13 higher ed tech tools and approaches to watch in 2015
Higher education technology businesses can get lost in the weeds after their launch has passed and they’re no longer in the startup or seed funding mode. College administrators and their IT staffs can labor in relative anonymity as they try to improve their learning technology and approaches for students.
Sometimes recognition through awards, or top 10 or 20 lists, can supply just what a company needs for a marketing boost or what a college needs to shine a light on its progress.
For companies, a recent example was CIO Review’s 20 Most Promising Education Tech Solution Providers list. The listing include several interesting higher ed tech companies that have adapted software solutions used by other sectors for college and university clients. College education technology efforts, on the other hand, are recognized via outlets like the WOW higher ed technology awards, given out by the WICHE Cooperative for Educational Technologies. There's also the e.Republic Center for Digital Education’s ninth annual Digital Community Colleges Survey, which recognizes the innovative use of technology.
Here are 13 ed tech tools and approaches from companies and institutions that you should keep on your radar due to their recent recognition.
Biometric Signature ID
Featured on the CIO Review top 20 list, Biometric Signature ID, provides student identity verification systems that colleges can use with their online courses to verify that quizzes and exams are being taken by registered students.The technology verifies a person’s identification by analyzing the way the user moves a mouse or finger to draw certain characters. The company has more than 3 million users and 90 clients in various industries, including education, including a consortium of six colleges in Kansas.

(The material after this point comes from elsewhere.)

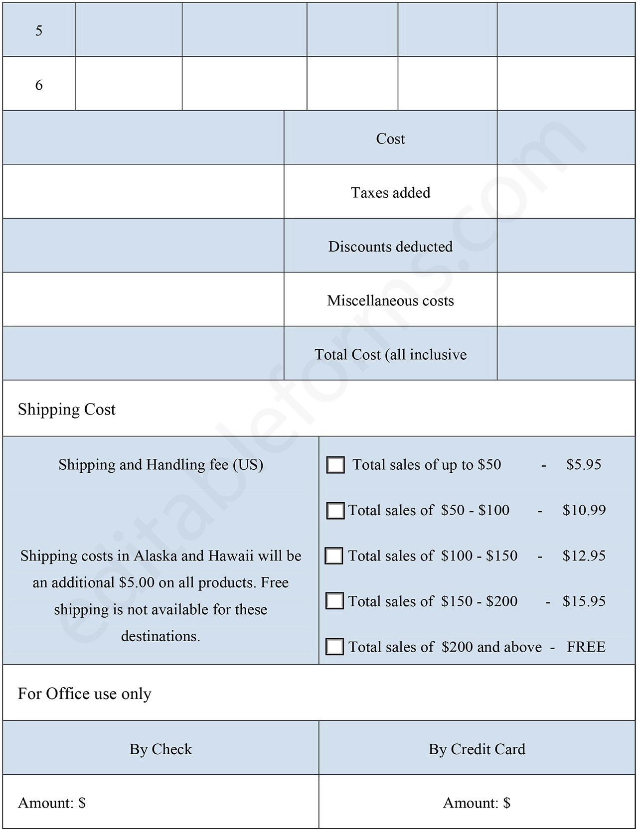The form includes a structured shipping cost table based on total order value, including special conditions for certain locations.

Capella University's FlexPath
Capella University won a WOW higher-ed technology award in recognition of the university’s FlexPath competency-based direct assessment degree program. It has been federally approved for business, information technology, and psychology programs.

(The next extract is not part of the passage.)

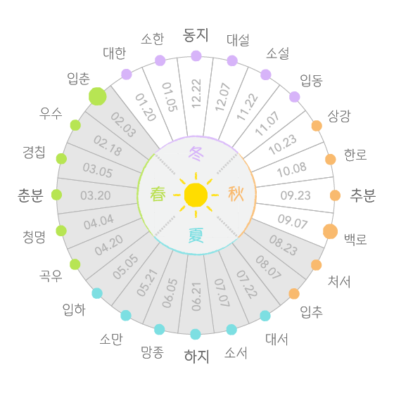24์ ๊ธฐ ์ค ์ด๋ค์ฏ ๋ฒ์งธ์ ํด๋นํ๋ ์ ๊ธฐ. ๋ฐฑ๋ก๋ ํฐ ์ด์ฌ์ ๋ปํ๋ค. ๋ฐค ๊ธฐ์จ์ด ์ด์ฌ์ ์ดํ๋ก ๋ด๋ ค๊ฐ ํ์์ด๋ ๋ฌผ์ฒด์ ์ด์ฌ์ด ๋งบํ๋ ์๊ธฐ๋ค. ์ฅ๋ง๊ฐ ๋ฌผ๋ฌ๊ฐ ํ์ฌ์ ๋ง์ ๋ ์จ๊ฐ ์ด์ด์ง๋ค. ํ์ง๋ง ์ด๋ฐ๊ธ ๋จ์ชฝ์์ ๋ถ์ด์ค๋ ํํ๊ณผ ํด์ผ๋ก ๊ณก์์ด ํผํด๋ฅผ ์

Civitas Learning, named to the CIO Review list, creates applications used by colleges and universities to identify and help students who are struggling or at risk of failing. The company also provides predictive analytics that project student success rates and help higher ed institutions adjust their own programs. The company is considering expanding into K-12 and workforce development.

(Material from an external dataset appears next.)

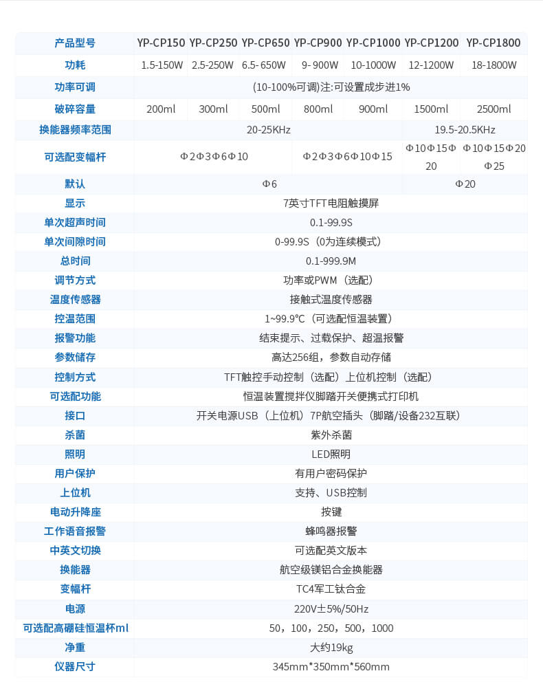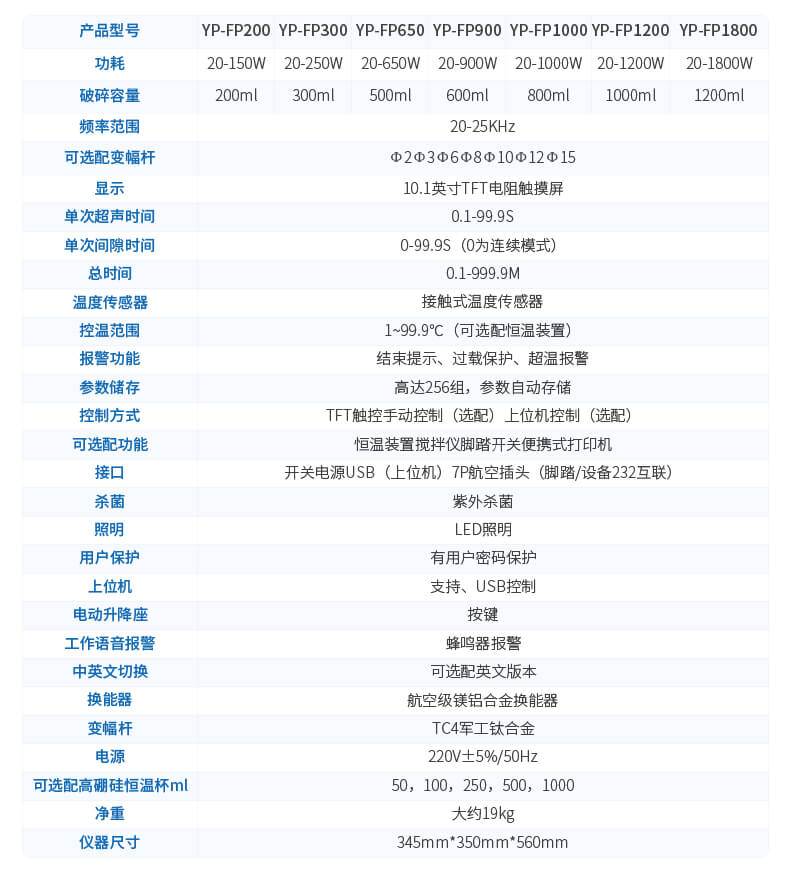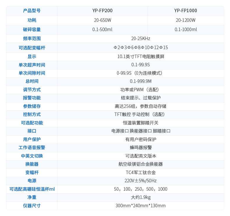 | 破碎容量 | 0.1--200ml(需選配相應的變幅桿) |

Colorado Technical University's Intellipath
Colorado Technical University won a WOW award for an adaptive learning platform it created, called Intellipath. The platform is used by students and faculty in courses for the university's business master’s degree program.
Ellucian, another company on the CIO Review list, provides software and services to higher ed institutions for student recruitment and retention, advising, enterprise resource planning, self-service student planning, and records management in admissions and academic offices. The company claims 2,400 education sector clients, including Purdue University, American University, Duke University, and Yale University.
Excelsior College's OWL
Excelsior College won a WOW award for its multi-media, online writing lab, OWL, which helps students with the writing process, documentation, grammar, and avoiding plagiarism. According to a study, students using OWL boosted their final grades by 6.6 points, on average.
Hitachi ID Systems
Hitachi ID Systems helps higher ed institutions manage computer network security, and controlled access and IDs for campus administrators, staff, faculty, students, alumni, and other users. That includes access for individuals who sometimes identify with several different departments and use several different mobile devices to connect, as well as students whose access starts up and then ends within a relatively short period.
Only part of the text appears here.